Republic of South Africa
- Rainbow Flag Seskleur
- Use: Civil and state flag, civil and state ensign
- Proportion: 2:3
- Adopted: 27 April 1994; 32 years ago
- Design: A horizontal bicolour of red and Dark blue with a Deep black isosceles triangle based on the hoist-side and a Dark green pall, a central Dark green band that splits into a horizontal Y, centred over the partition lines and was edged in both white against the red and the blue bands and Gold against the triangle, in which the arms of the Y ends at the corners of the hoist and embraces the triangle on the hoist-side.
- Designed by: Frederick Brownell
- Use: War flag
- Adopted: 25 April 2003; 23 years ago
- Use: Naval ensign
- Adopted: 16 March 1998; 28 years ago

= Flag of South Africa =

The national flag of South Africa was designed in March 1994 and adopted on 27 April 1994, during South Africa's 1994 general election, to replace the previous flag used from 1928–1994.
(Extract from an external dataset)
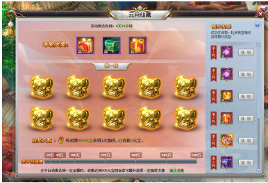 【活动内容】活动期间,玩家消费每200元宝,即可获得1次开启宝箱的机会,全服消费达到指定额度,消费满200元宝的玩家即可获得1次免费的开宝箱机会,完成一轮宝箱开启(开满10次)更有稀有道具赠送,大量灵宠进、法器阶丹在等你!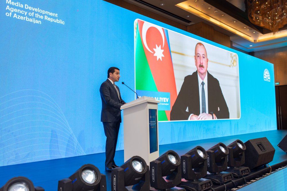 Bizim.Media xəbər verir ki, Regional və beynəlxalq müstəvidə informasiya mübadiləsinin təkmilləşdirilməsi, media sahəsində əməkdaşlığın gücləndirilməsi, dezinformasiyaya qarşı mübarizə üzrə birgə mexanizmlərin formalaşdırılması, rəqəmsal media istiqamətində birgə layihələrin təşviqi və təcrübələrin paylaşılması məqsədilə təşkil olunan forumun açılış mərasimində Azərbaycan Respublikası Prezidentinin köməkçisi – Azərbaycan Respublikası Prezidentinin Administrasiyasının Xarici siyasət məsələləri şöbəsinin müdiri Hikmət Hacıyev əvvəlcə Azərbaycan Respublikasının Prezidenti İlham Əliyevin Forum iştirakçılarına müraciətini səsləndirib.

The flag has horizontal bands of red (on the top) and blue (on the bottom), of equal width, separated by a central green band which splits into a horizontal "Y" shape, the arms of which end at the corners of the hoist side (and follow the flag's diagonals). The "Y" embraces a black isosceles triangle from which the arms are separated by narrow gold bands; the red and blue bands are separated from the green band and its arms by narrow white stripes. The stripes at the fly end are in the 5:1:3:1:5 ratio. Three of the flag's colours were taken from the flag of South Africa (1928–1994), itself derived from the flag of the Netherlands, and the Union Jack, while the remaining three colours were taken from the flag of the African National Congress.
Nicknames for the flag include the Seskleur (lit. 'six colour' in Afrikaans) and the Rainbow Flag.

== Colours ==
At the time of its adoption, the South African flag was the only national flag in the world to comprise six colours in its primary design, without a seal and brocade. The design and colours are a synopsis of the principal elements of the country's flag history. The colours themselves have no essential meaning.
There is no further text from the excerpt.